COVID-19/ INDICAID IgM/IgG Test

Product Description
The INDICAID® COVID-19 IgM/IgG Antibody Test is a FDA Authorized and CE-marked in-vitro diagnostic rapid test for determining the presence of SARS-CoV-2 antibody in direct whole blood samples.
Antibodies produced by the body to fight infections can be used as markers for disease exposure or immunity. They can be detected after vaccination or as early as one week after infection.
Clinically validated with overall sensitivity and specificity at 97% and 99% respectively, INDICAID provides intuitive visual results in 10 minutes. No special equipment or facilities needed.

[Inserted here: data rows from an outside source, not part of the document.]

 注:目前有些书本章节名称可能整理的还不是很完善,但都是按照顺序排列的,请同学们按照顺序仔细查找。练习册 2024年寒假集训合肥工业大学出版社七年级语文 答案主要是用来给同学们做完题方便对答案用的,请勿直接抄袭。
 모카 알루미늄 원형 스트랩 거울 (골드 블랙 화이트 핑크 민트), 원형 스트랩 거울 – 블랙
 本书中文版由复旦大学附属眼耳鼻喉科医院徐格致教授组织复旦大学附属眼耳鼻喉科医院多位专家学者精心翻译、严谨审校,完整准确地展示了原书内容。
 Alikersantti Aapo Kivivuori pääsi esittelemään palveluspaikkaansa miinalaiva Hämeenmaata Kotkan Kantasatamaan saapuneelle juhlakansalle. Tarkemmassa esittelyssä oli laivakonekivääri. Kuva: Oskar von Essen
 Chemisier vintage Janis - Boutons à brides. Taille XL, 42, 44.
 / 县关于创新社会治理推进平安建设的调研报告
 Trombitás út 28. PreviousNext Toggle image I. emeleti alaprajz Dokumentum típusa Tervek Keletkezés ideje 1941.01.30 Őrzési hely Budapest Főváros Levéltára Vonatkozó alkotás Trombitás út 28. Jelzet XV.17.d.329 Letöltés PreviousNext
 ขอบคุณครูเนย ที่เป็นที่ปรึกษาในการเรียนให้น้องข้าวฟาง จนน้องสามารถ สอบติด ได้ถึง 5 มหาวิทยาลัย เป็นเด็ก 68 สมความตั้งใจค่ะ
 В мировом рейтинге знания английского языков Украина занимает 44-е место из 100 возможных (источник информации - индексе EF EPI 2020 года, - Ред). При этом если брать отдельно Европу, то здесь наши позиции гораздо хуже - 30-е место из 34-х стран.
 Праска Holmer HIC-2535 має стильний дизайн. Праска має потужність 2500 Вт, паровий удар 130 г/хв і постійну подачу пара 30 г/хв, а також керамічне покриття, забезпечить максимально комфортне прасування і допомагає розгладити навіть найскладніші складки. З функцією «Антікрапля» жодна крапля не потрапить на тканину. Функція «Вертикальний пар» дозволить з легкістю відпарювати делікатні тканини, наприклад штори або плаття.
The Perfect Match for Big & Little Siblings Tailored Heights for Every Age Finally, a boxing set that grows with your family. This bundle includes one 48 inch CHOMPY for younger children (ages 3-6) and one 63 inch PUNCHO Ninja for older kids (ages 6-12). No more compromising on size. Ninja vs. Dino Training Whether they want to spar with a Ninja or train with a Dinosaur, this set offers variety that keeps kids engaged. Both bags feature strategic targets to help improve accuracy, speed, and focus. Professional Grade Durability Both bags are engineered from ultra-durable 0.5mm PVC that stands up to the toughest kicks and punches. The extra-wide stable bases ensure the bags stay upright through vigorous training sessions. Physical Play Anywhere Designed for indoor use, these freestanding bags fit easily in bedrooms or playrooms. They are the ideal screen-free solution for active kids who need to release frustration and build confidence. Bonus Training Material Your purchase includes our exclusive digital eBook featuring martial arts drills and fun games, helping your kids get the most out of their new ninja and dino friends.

This test kit is designed for primary screening only. If you have any doubts about the test results, seek medical advise immediately. The Test result should be used in conjunction with other clinical information to diagnose COVID-19 infection. If you are suspecting an infection, feeling unwell or have any symptoms such as fever, cough, runny nose, sore throat, you should consult medical professionals immediately for the confirmation of diagnosis.
Instructions:
• Remove the test device from its packaging
• Disinfect the fingertip with the alcohol pad
• Twist and pull to remove the cap from the safety lancet
• Press the safety lancet firmly against the clean fingertip.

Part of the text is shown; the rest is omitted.